Steve Morse has had to pull out of Deep Purple’s upcoming concerts so he can be at home supporting his wife through a major illness and everyone wishes them both the best. As far as the group are concerned Steve remains a full time member of Deep Purple, but to avoid further cancellations (uncanny shades of 1971 / 1972 / Al Kooper fifty years on when you think about it) they have recruited Irish blues rock guitarist Simon McBride to step in for the time being, and he will do the upcoming UK shows too. McBride has already worked with Airey and Gillan on side projects and is signed to Ear, so it will be a fairly smooth fit. He has also worked with Neil Murray and Micky Moody in Snakecharmer, bringing more strands of the family tree together, and runs his own power trio (as on the advert below).


April 1, 2022

Simon tells us he was touched so many people forwarded him details of this spiffing property, though confesses to being puzzled why (as he ponders his new rates bill, up 50% on last year) folk assume he might have the £8.5 million asking price. Remember the Newman & Baddiel Show? “See that little brown shed just to the left of the swimming pool? That’s your best house that is…”

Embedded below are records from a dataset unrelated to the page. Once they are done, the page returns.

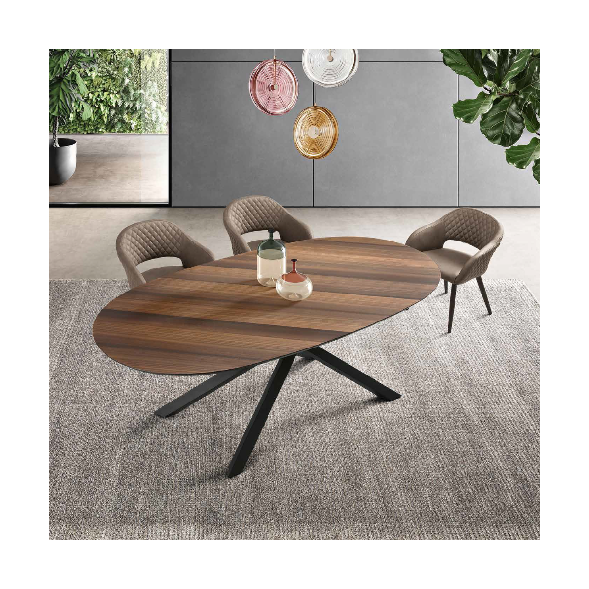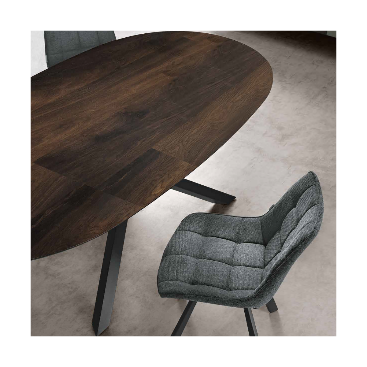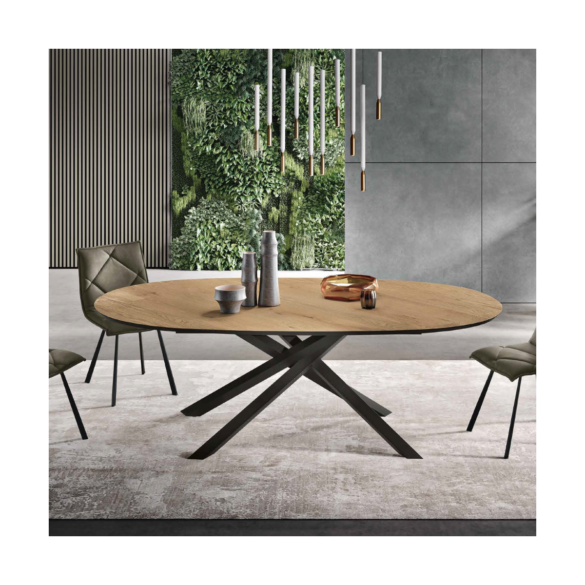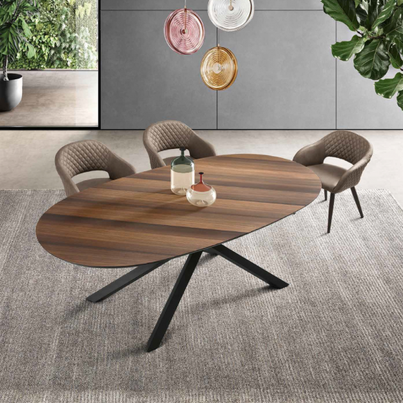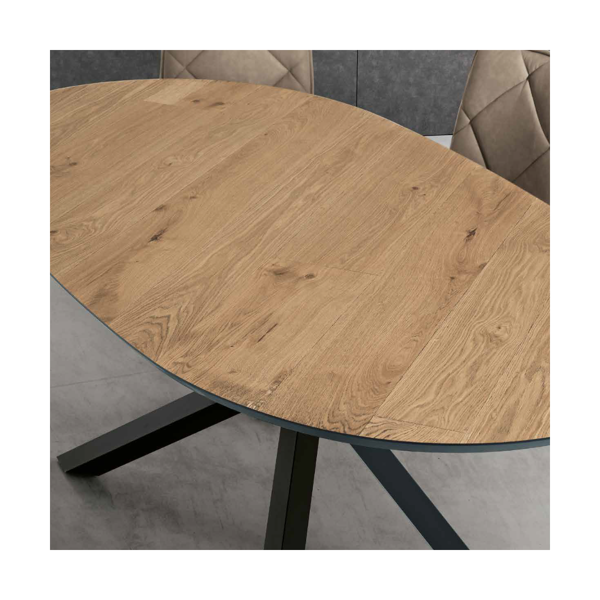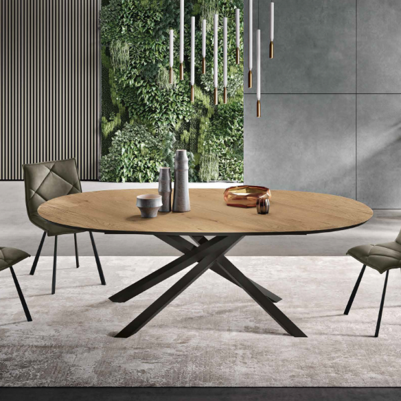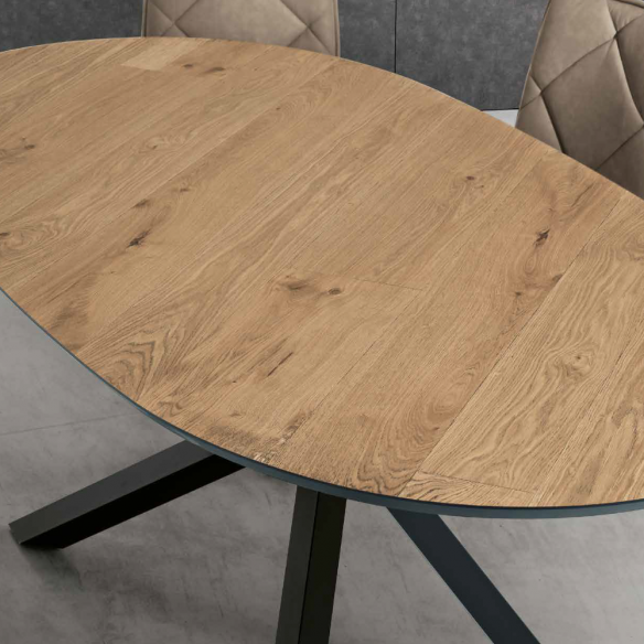 La table RON se distingue par sa base robuste en métal peint, qui garantit stabilité et durabilité dans le temps. Le plateau ovale en placage de chêne donne à la table un aspect naturel et sophistiqué, parfait pour les environnements modernes et traditionnels.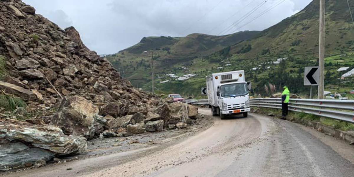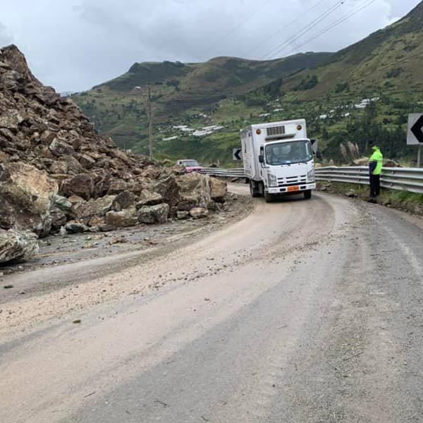 Un deslizamiento de rocas y tierra mantiene obstruida parcialmente la vía Paute-Guachapala, a la altura del sector Corazón de Jesús, en la provincia de Azuay.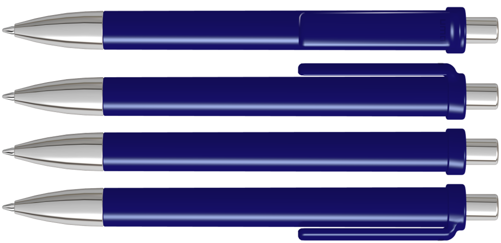 Druckkugelschreiber mit gedeckt glänzendem Schaft und Clip, Metallspitze und Metalldrücker glanzverchromt.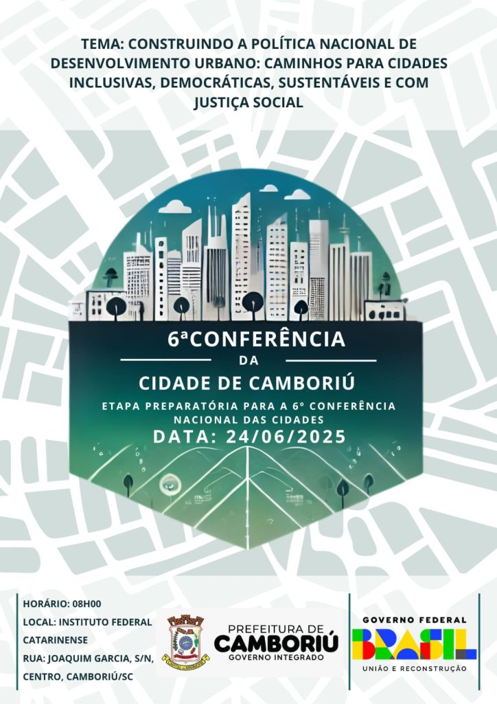 _A Prefeitura de Camboriú realiza no dia 24 de junho de 2025, a 6ª Conferência da Cidade, etapa preparatória para a Conferência Nacional das Cidades. O evento será realizado a partir das 8h, no auditório do Instituto Federal Catarinense (IFC) Rua Joaquim Garcia, s/n – Centro_

The connection for us is that this was Jon Lord‘s house for some time in the 1980s, and it is kind of nice to see our Deep Purple (and indeed Whitesnake) purchases over the last 50 years or so weren’t frittered away on any old rubbish. Called Burntwood House, it did of course inspire one of the instrumentals on his Before I Forget album.

Anyhow, if any of our better heeled fans want more details, Savills are the estate agents to contact. Thanks to Meurig Thomas and others.